** Assignment **
Without including any pictures, write out the listing below exactly.

** Information supplied **
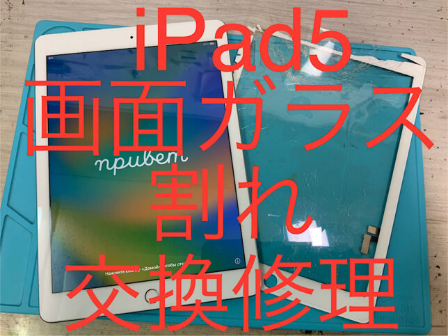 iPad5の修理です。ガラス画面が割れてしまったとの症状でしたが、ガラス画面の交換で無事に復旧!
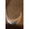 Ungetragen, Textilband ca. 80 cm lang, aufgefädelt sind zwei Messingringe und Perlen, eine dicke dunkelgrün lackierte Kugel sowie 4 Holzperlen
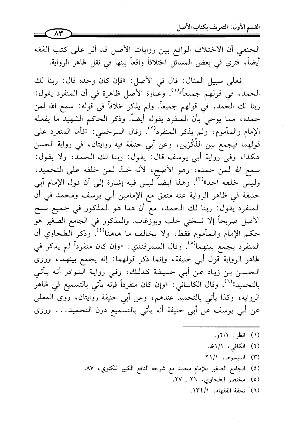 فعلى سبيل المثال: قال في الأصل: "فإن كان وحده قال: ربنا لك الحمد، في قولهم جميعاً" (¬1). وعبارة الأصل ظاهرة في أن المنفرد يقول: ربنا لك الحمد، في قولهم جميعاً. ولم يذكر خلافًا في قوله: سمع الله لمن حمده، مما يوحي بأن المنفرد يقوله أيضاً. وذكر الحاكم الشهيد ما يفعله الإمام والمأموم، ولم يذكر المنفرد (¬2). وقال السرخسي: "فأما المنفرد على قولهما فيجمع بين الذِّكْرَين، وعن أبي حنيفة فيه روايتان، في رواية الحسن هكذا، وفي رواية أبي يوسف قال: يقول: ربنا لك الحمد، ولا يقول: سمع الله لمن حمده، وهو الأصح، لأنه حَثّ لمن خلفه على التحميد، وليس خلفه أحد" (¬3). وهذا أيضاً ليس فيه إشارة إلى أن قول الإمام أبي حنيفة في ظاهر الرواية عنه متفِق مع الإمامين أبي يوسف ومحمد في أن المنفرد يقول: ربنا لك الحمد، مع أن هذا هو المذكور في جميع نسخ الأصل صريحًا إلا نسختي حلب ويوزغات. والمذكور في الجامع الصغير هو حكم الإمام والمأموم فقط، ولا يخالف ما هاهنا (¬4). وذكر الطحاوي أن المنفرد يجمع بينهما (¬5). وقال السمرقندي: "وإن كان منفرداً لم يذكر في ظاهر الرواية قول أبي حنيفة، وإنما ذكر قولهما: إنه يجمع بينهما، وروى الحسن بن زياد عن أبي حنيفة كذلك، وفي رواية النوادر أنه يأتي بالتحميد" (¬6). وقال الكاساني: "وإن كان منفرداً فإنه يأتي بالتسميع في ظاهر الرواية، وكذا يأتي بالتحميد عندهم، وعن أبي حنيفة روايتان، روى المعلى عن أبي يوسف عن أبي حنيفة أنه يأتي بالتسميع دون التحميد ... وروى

** Written solution **
 iPad5の修理です。ガラス画面が割れてしまったとの症状でしたが、ガラス画面の交換で無事に復旧!
 Ungetragen, Textilband ca. 80 cm lang, aufgefädelt sind zwei Messingringe und Perlen, eine dicke dunkelgrün lackierte Kugel sowie 4 Holzperlen
 فعلى سبيل المثال: قال في الأصل: "فإن كان وحده قال: ربنا لك الحمد، في قولهم جميعاً" (¬1). وعبارة الأصل ظاهرة في أن المنفرد يقول: ربنا لك الحمد، في قولهم جميعاً. ولم يذكر خلافًا في قوله: سمع الله لمن حمده، مما يوحي بأن المنفرد يقوله أيضاً. وذكر الحاكم الشهيد ما يفعله الإمام والمأموم، ولم يذكر المنفرد (¬2). وقال السرخسي: "فأما المنفرد على قولهما فيجمع بين الذِّكْرَين، وعن أبي حنيفة فيه روايتان، في رواية الحسن هكذا، وفي رواية أبي يوسف قال: يقول: ربنا لك الحمد، ولا يقول: سمع الله لمن حمده، وهو الأصح، لأنه حَثّ لمن خلفه على التحميد، وليس خلفه أحد" (¬3). وهذا أيضاً ليس فيه إشارة إلى أن قول الإمام أبي حنيفة في ظاهر الرواية عنه متفِق مع الإمامين أبي يوسف ومحمد في أن المنفرد يقول: ربنا لك الحمد، مع أن هذا هو المذكور في جميع نسخ الأصل صريحًا إلا نسختي حلب ويوزغات. والمذكور في الجامع الصغير هو حكم الإمام والمأموم فقط، ولا يخالف ما هاهنا (¬4). وذكر الطحاوي أن المنفرد يجمع بينهما (¬5). وقال السمرقندي: "وإن كان منفرداً لم يذكر في ظاهر الرواية قول أبي حنيفة، وإنما ذكر قولهما: إنه يجمع بينهما، وروى الحسن بن زياد عن أبي حنيفة كذلك، وفي رواية النوادر أنه يأتي بالتحميد" (¬6). وقال الكاساني: "وإن كان منفرداً فإنه يأتي بالتسميع في ظاهر الرواية، وكذا يأتي بالتحميد عندهم، وعن أبي حنيفة روايتان، روى المعلى عن أبي يوسف عن أبي حنيفة أنه يأتي بالتسميع دون التحميد ... وروى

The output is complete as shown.